[Saved data entries]
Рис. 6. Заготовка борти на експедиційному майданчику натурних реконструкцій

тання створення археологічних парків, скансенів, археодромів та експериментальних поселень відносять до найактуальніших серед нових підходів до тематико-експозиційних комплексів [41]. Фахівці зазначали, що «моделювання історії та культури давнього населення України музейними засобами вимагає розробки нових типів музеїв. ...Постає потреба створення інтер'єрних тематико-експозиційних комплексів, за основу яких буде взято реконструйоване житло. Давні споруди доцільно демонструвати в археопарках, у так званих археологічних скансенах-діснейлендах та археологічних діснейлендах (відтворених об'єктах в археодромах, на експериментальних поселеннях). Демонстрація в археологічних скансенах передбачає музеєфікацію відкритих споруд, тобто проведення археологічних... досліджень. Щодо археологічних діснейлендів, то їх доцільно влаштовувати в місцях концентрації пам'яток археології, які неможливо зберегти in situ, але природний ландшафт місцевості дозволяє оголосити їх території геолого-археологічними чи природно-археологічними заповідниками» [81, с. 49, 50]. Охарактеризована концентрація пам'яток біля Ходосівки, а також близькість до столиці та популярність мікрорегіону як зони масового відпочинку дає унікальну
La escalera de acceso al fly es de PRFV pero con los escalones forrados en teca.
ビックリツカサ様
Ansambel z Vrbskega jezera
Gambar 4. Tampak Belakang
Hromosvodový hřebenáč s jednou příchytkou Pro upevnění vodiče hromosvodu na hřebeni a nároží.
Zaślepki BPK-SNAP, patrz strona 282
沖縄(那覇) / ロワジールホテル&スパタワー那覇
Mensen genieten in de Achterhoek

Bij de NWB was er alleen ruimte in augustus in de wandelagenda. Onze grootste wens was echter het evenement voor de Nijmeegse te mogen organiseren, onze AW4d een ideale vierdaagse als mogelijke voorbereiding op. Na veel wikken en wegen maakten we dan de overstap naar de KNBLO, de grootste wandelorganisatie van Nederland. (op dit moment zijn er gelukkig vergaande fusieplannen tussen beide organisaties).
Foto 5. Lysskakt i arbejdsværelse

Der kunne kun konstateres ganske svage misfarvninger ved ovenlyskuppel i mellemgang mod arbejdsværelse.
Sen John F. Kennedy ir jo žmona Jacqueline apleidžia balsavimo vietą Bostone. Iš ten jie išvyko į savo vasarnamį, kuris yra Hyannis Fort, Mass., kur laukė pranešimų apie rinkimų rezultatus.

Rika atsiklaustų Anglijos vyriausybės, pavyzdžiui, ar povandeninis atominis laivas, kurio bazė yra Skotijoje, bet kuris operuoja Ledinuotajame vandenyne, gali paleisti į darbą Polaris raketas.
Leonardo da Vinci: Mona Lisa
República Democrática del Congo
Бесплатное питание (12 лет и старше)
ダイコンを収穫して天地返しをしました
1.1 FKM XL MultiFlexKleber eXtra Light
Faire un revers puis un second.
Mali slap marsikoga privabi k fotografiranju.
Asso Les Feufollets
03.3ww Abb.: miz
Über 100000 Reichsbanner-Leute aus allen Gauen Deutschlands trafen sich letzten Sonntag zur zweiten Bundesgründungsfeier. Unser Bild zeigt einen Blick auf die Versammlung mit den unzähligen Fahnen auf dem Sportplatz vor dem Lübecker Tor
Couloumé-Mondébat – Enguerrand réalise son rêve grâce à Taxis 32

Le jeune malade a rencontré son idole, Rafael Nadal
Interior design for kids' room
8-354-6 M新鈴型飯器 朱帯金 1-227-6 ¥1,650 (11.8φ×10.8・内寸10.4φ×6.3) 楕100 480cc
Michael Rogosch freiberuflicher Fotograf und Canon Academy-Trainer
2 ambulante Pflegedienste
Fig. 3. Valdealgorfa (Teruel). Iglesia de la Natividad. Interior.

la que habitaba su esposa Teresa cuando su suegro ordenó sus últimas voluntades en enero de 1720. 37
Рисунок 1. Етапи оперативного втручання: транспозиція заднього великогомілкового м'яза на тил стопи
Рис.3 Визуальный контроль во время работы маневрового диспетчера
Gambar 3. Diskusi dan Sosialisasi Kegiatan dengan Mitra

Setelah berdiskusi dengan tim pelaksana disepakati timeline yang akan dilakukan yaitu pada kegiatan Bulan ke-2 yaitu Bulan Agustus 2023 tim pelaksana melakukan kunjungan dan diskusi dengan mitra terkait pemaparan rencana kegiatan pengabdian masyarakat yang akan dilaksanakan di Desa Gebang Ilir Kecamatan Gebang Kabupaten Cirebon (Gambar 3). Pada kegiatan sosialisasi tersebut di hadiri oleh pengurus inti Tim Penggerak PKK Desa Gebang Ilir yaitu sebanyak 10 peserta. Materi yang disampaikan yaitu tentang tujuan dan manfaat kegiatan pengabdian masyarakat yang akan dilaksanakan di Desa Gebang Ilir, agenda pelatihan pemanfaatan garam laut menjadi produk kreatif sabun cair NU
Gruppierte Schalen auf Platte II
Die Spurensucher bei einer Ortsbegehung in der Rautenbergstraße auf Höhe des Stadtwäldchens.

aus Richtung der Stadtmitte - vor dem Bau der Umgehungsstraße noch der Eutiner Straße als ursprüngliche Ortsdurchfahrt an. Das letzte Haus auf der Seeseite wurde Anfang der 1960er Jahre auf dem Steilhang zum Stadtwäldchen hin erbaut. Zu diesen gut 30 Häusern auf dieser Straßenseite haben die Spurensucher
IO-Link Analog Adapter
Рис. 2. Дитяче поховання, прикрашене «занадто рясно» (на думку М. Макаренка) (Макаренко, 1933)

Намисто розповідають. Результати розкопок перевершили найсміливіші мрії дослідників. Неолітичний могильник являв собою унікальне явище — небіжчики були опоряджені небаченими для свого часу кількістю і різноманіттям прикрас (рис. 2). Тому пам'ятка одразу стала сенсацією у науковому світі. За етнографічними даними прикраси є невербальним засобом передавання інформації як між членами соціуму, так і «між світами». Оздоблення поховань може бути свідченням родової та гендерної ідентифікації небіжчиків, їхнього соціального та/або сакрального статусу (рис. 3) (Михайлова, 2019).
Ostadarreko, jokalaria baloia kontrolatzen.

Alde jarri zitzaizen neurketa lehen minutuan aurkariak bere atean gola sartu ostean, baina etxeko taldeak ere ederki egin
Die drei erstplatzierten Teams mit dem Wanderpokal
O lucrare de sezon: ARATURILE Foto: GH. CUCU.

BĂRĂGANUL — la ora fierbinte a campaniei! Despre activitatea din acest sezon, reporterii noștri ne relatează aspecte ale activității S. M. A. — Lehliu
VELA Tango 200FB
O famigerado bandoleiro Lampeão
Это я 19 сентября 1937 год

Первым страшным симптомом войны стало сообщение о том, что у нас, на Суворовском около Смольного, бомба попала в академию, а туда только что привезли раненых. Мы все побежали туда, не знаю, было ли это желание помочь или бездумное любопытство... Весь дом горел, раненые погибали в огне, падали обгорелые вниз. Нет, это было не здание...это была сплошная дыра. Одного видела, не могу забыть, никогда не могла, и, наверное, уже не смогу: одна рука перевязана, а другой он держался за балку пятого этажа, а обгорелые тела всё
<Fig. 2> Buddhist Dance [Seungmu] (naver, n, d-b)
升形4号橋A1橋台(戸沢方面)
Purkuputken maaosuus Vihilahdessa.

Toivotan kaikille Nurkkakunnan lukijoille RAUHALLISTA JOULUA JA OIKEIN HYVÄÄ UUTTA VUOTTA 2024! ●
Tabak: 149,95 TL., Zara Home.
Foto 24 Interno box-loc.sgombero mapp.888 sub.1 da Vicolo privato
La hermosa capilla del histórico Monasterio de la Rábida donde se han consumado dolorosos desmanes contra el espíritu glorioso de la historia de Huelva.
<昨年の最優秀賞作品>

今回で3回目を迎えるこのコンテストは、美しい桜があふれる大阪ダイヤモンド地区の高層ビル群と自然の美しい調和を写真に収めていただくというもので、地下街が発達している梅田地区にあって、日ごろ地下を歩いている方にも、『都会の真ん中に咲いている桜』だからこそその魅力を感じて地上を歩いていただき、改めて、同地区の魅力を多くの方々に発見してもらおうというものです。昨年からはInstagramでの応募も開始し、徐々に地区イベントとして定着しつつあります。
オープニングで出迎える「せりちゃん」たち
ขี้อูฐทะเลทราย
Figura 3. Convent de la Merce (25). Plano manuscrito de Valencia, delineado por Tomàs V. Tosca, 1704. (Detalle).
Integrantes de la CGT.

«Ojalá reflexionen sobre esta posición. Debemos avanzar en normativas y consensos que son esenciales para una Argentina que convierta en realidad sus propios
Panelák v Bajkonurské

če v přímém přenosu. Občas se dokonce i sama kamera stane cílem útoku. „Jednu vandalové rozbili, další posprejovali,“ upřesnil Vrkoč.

• _Problem description_
Please reproduce the lines from the line with "沖縄(那覇) / ロワジールホテル&スパタワー那覇" to the line with "Der kunne kun", both ends included, exactly as they appear above.

• _Response_
沖縄(那覇) / ロワジールホテル&スパタワー那覇
Mensen genieten in de Achterhoek

Bij de NWB was er alleen ruimte in augustus in de wandelagenda. Onze grootste wens was echter het evenement voor de Nijmeegse te mogen organiseren, onze AW4d een ideale vierdaagse als mogelijke voorbereiding op. Na veel wikken en wegen maakten we dan de overstap naar de KNBLO, de grootste wandelorganisatie van Nederland. (op dit moment zijn er gelukkig vergaande fusieplannen tussen beide organisaties).
Foto 5. Lysskakt i arbejdsværelse

Der kunne kun konstateres ganske svage misfarvninger ved ovenlyskuppel i mellemgang mod arbejdsværelse.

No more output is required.